WORK REQUEST » Reproduce the listing word for word. Skip any image.

DATA SHOWN »
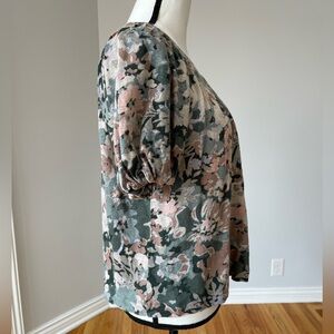Anthropologie Maeve muted floral puff sleeve top blouse size M casual office
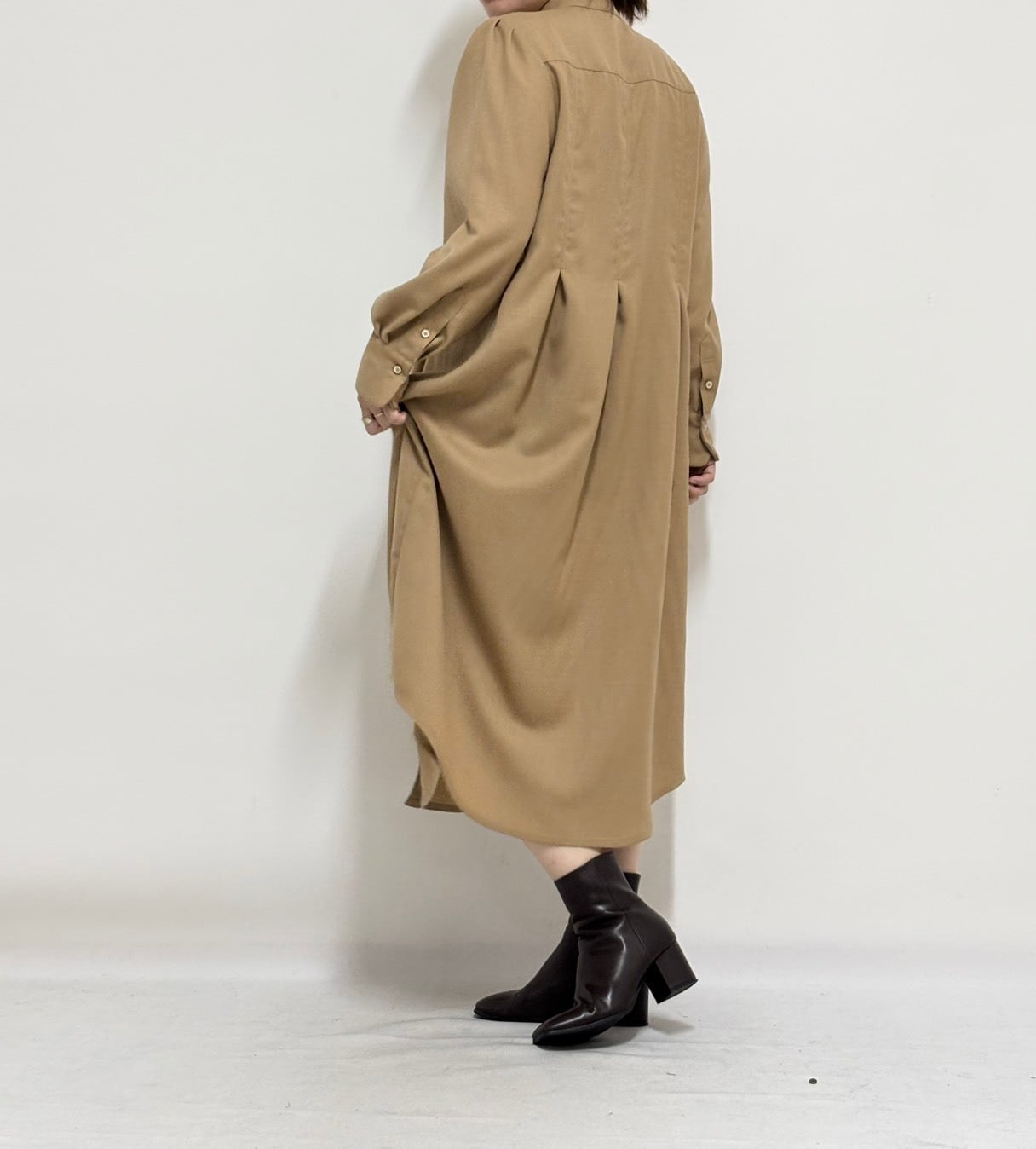 袖山と袖口のタックで、ふんわりとしたシルエットの袖も女性らしさを感じさせます。
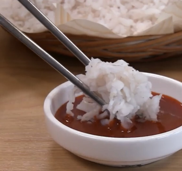 이집만의 특제 초장을 찍어 한입하면 부드럽게 씹히는 맛을 즐길 수 있다.
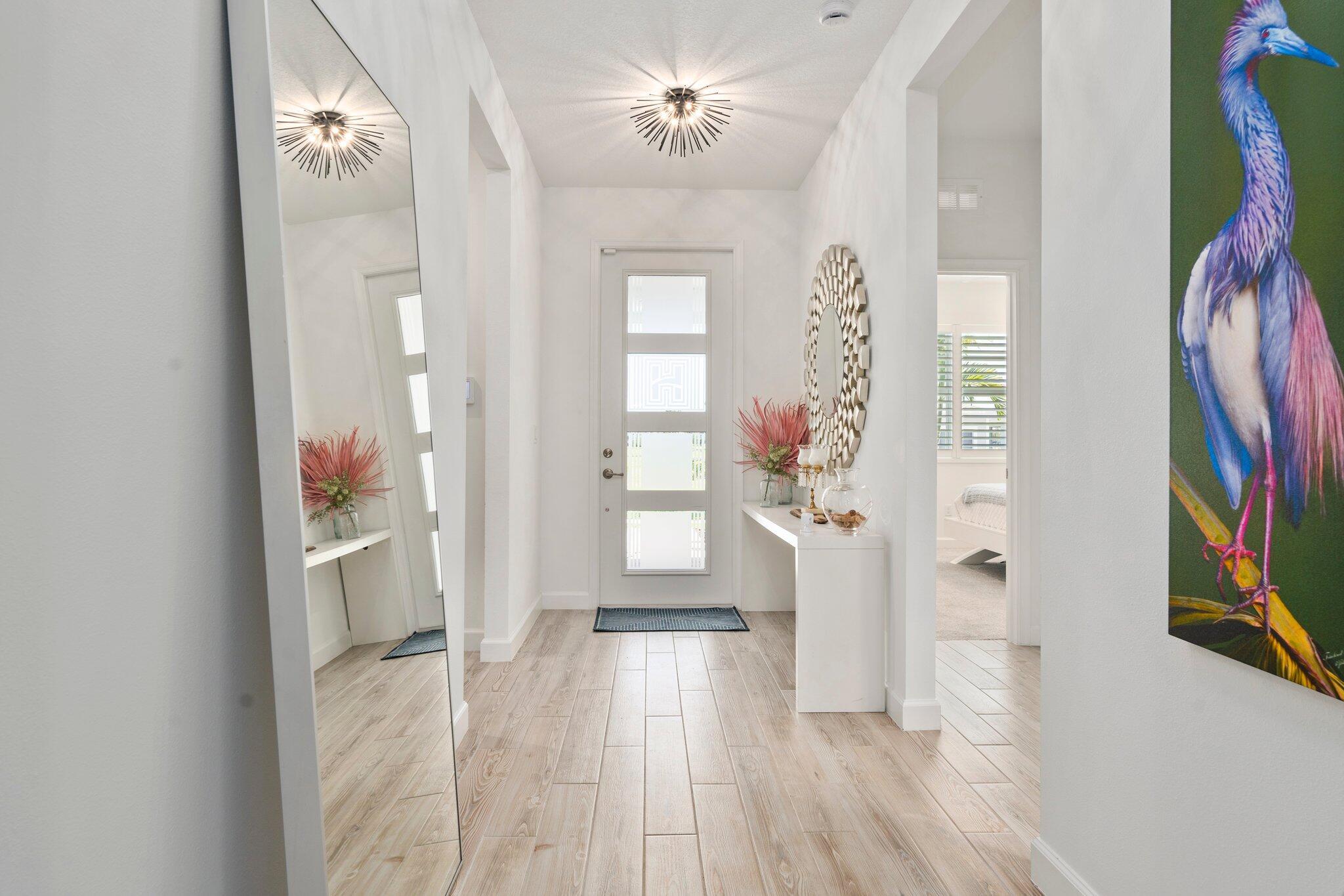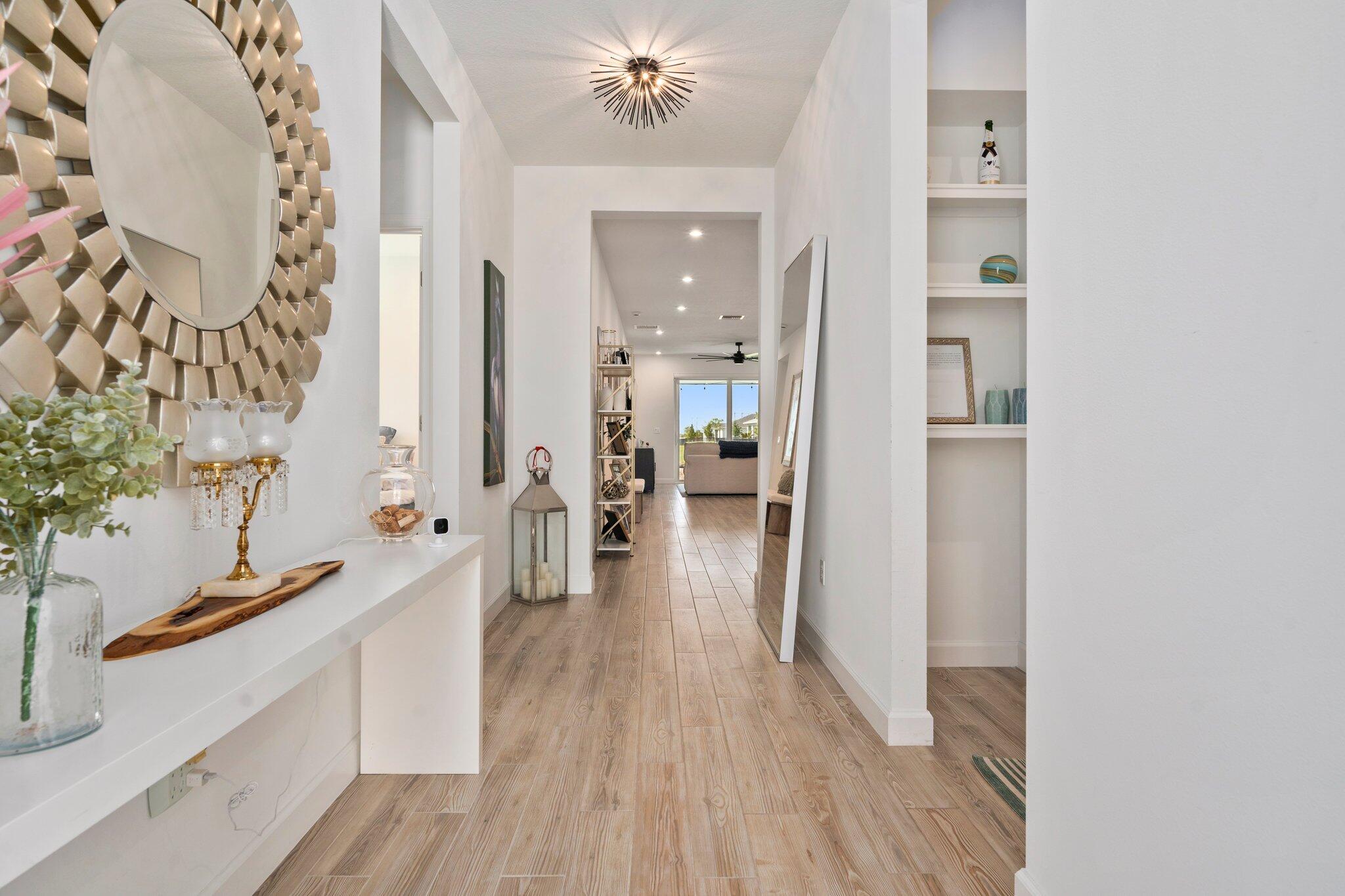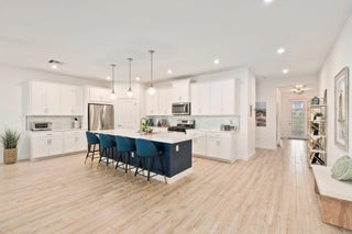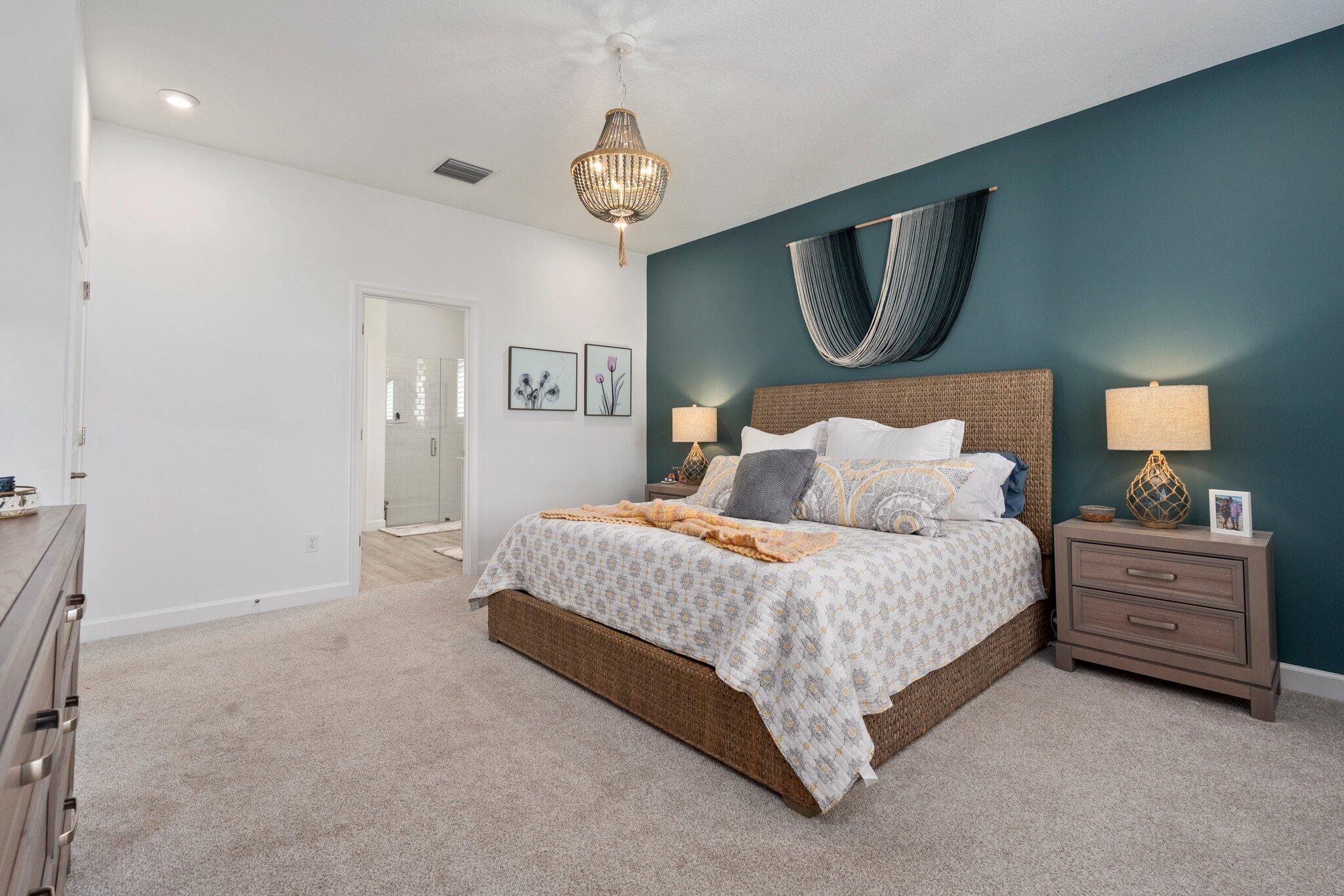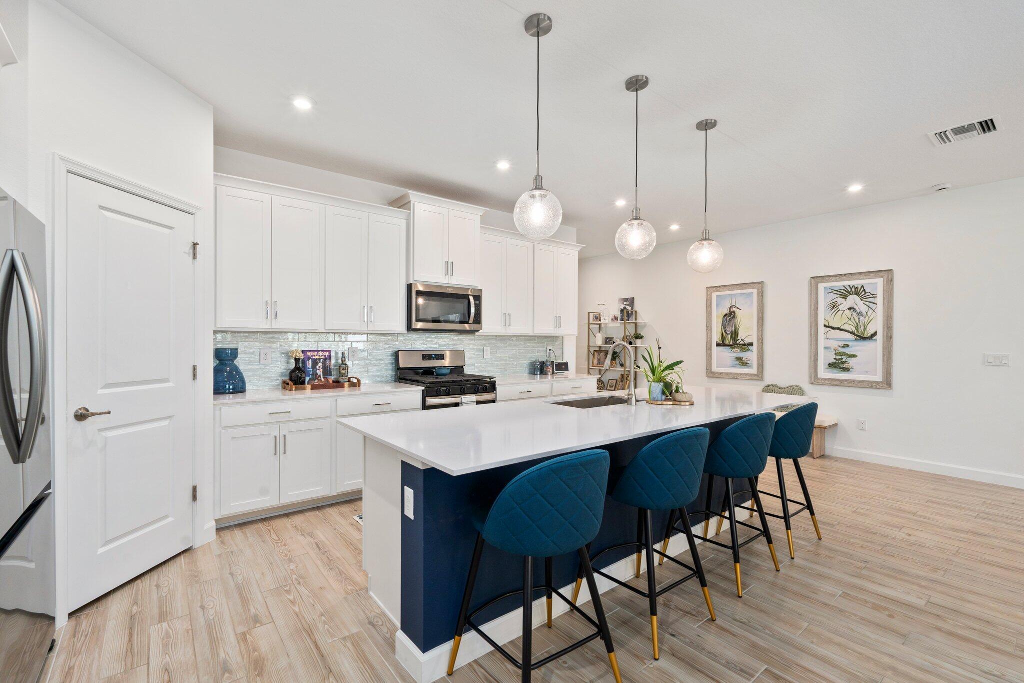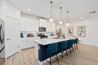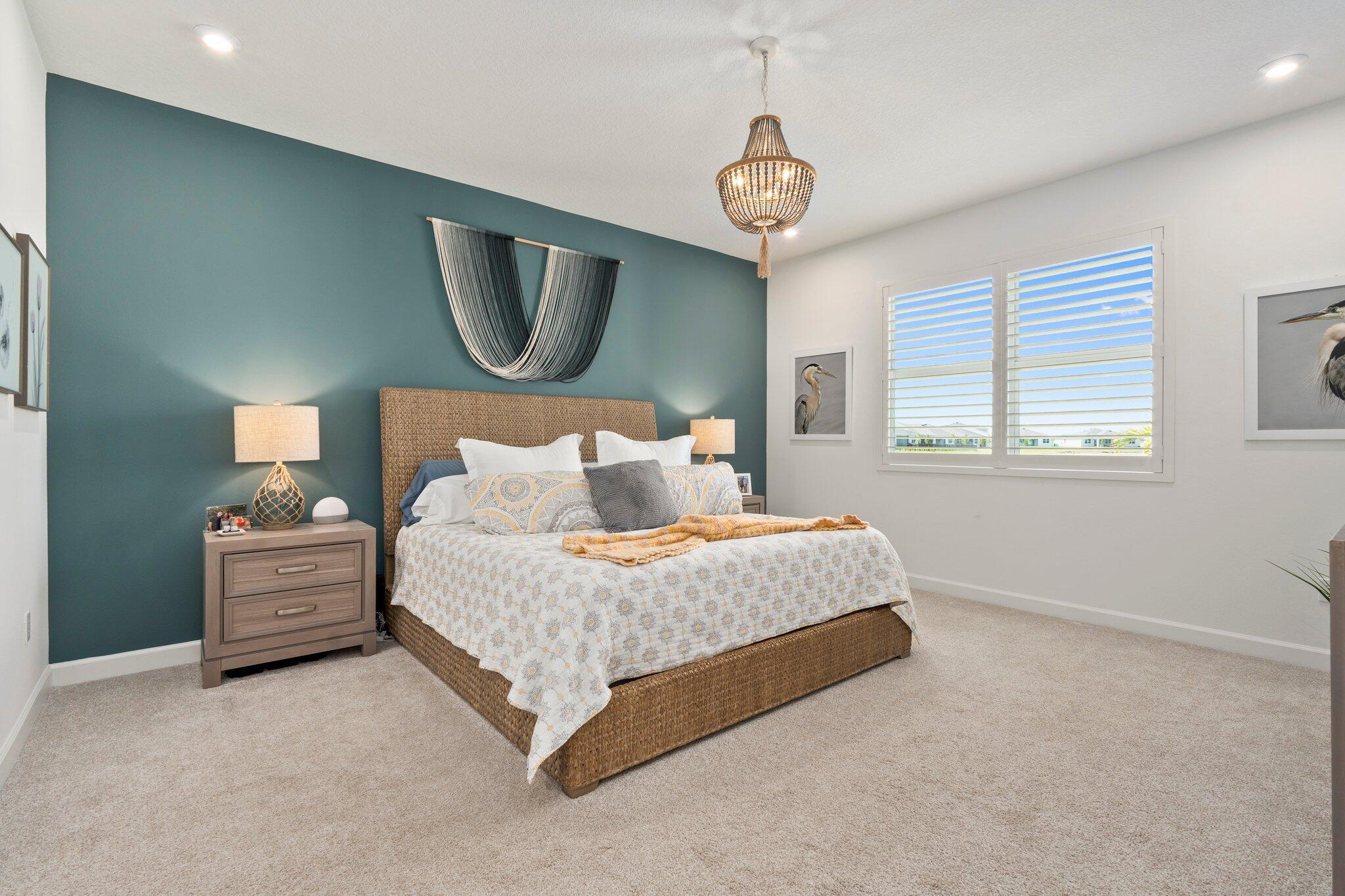 Newer home with upgrades galore! This stunning Gateway model sits on a premium lakefront lot and features an open floor plan with beautiful lake views. Enjoy wood plank tile, soaring ceilings, impact windows/doors, and upgraded fans and fixtures throughout. The gourmet kitchen shines with quartz counters, stainless appliances, gas stove, glass tile backsplash, and a large island. The split floor plan offers a private owner's suite and ample storage with pull-out drawers and a walk-in pantry. Relax on the extended, screened lanai surrounded by tropical landscaping and a yard with room for a pool (pool plan available upon request). Located in Cadence at Tradition with resort-style amenities, scenic trails, and close to shopping, dining, and community events.

RESPONSE TO THIS TASK »
Anthropologie Maeve muted floral puff sleeve top blouse size M casual office
 袖山と袖口のタックで、ふんわりとしたシルエットの袖も女性らしさを感じさせます。
 이집만의 특제 초장을 찍어 한입하면 부드럽게 씹히는 맛을 즐길 수 있다.
 Newer home with upgrades galore! This stunning Gateway model sits on a premium lakefront lot and features an open floor plan with beautiful lake views. Enjoy wood plank tile, soaring ceilings, impact windows/doors, and upgraded fans and fixtures throughout. The gourmet kitchen shines with quartz counters, stainless appliances, gas stove, glass tile backsplash, and a large island. The split floor plan offers a private owner's suite and ample storage with pull-out drawers and a walk-in pantry. Relax on the extended, screened lanai surrounded by tropical landscaping and a yard with room for a pool (pool plan available upon request). Located in Cadence at Tradition with resort-style amenities, scenic trails, and close to shopping, dining, and community events.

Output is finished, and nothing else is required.